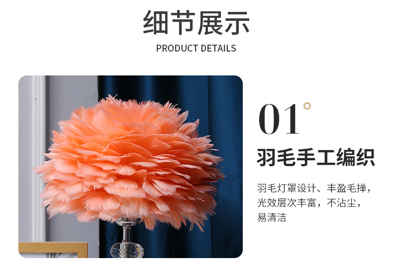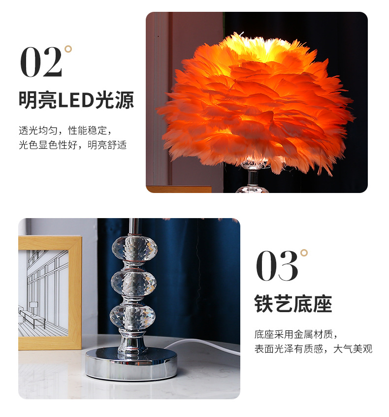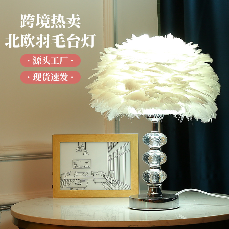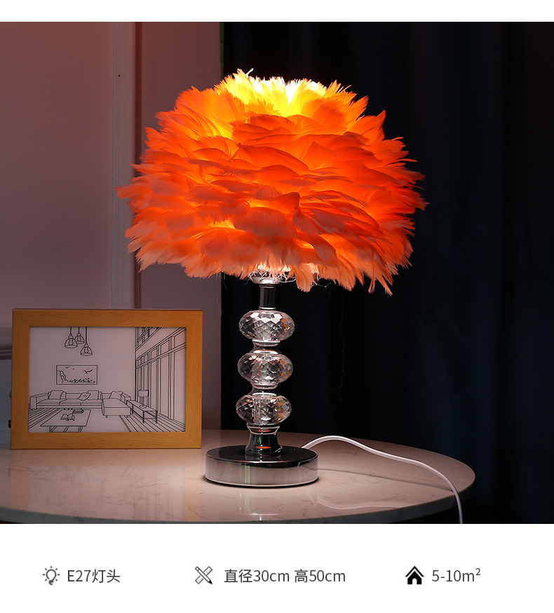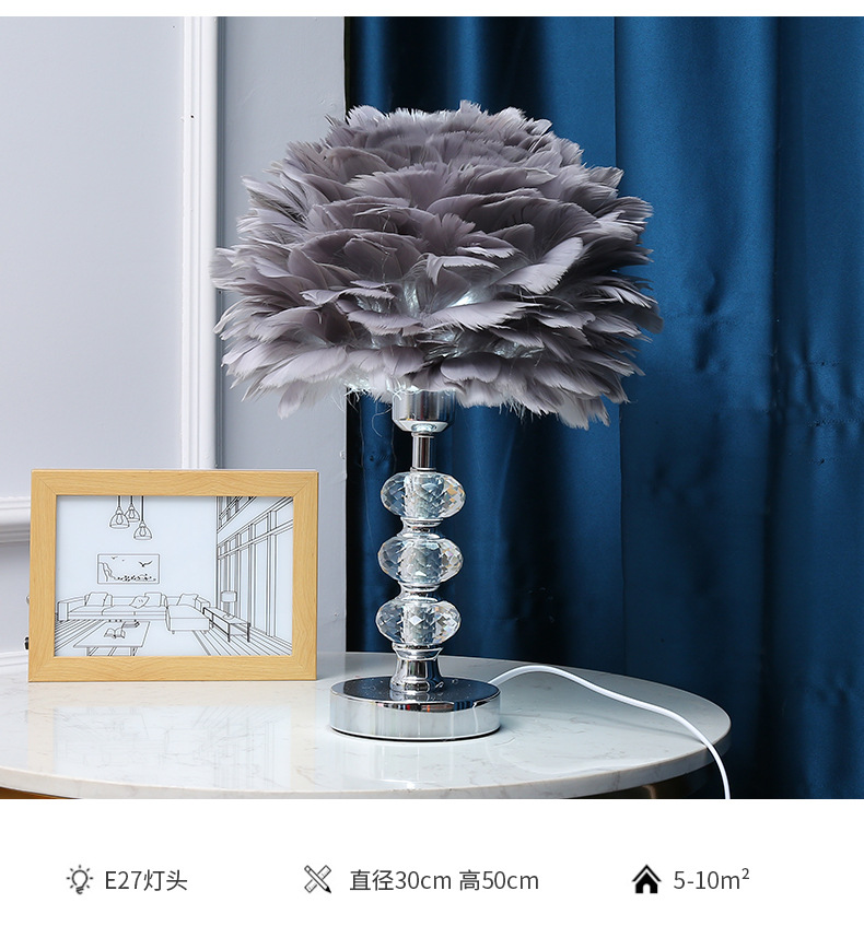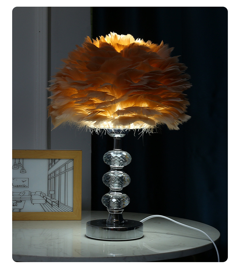 크리스탈 깃털 테이블 램프 북유럽 스타일 핑크 사이버 연예인 배경 장식 테이블 램프 소녀의 창조적 인 현대 미니멀리스트 야간 조명
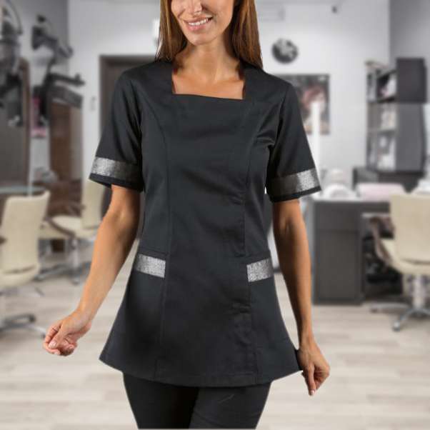 100% poliestere. Tunica da donna con chiusura posteriore a zip nascosta, scollo rotondo con taglio a V, spacchetti laterali, tasche aperte ai lati.
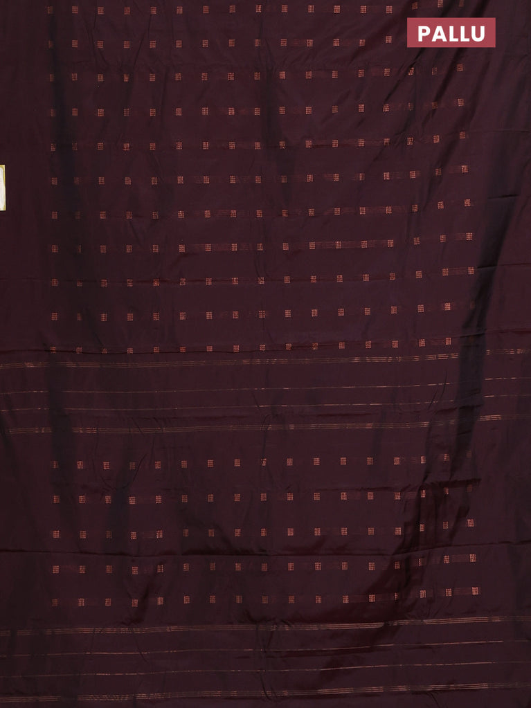 Arani semi silk saree deep purple with copper zari woven buttas in borderless style

**YOUR TASK**. The required answer is an exact copy of the lines from the one containing "100% poliestere. Tunica" through the last line of the material, with the pictures removed.

**SOLUTION FOR THIS EXERCISE**.
 100% poliestere. Tunica da donna con chiusura posteriore a zip nascosta, scollo rotondo con taglio a V, spacchetti laterali, tasche aperte ai lati.
 Arani semi silk saree deep purple with copper zari woven buttas in borderless style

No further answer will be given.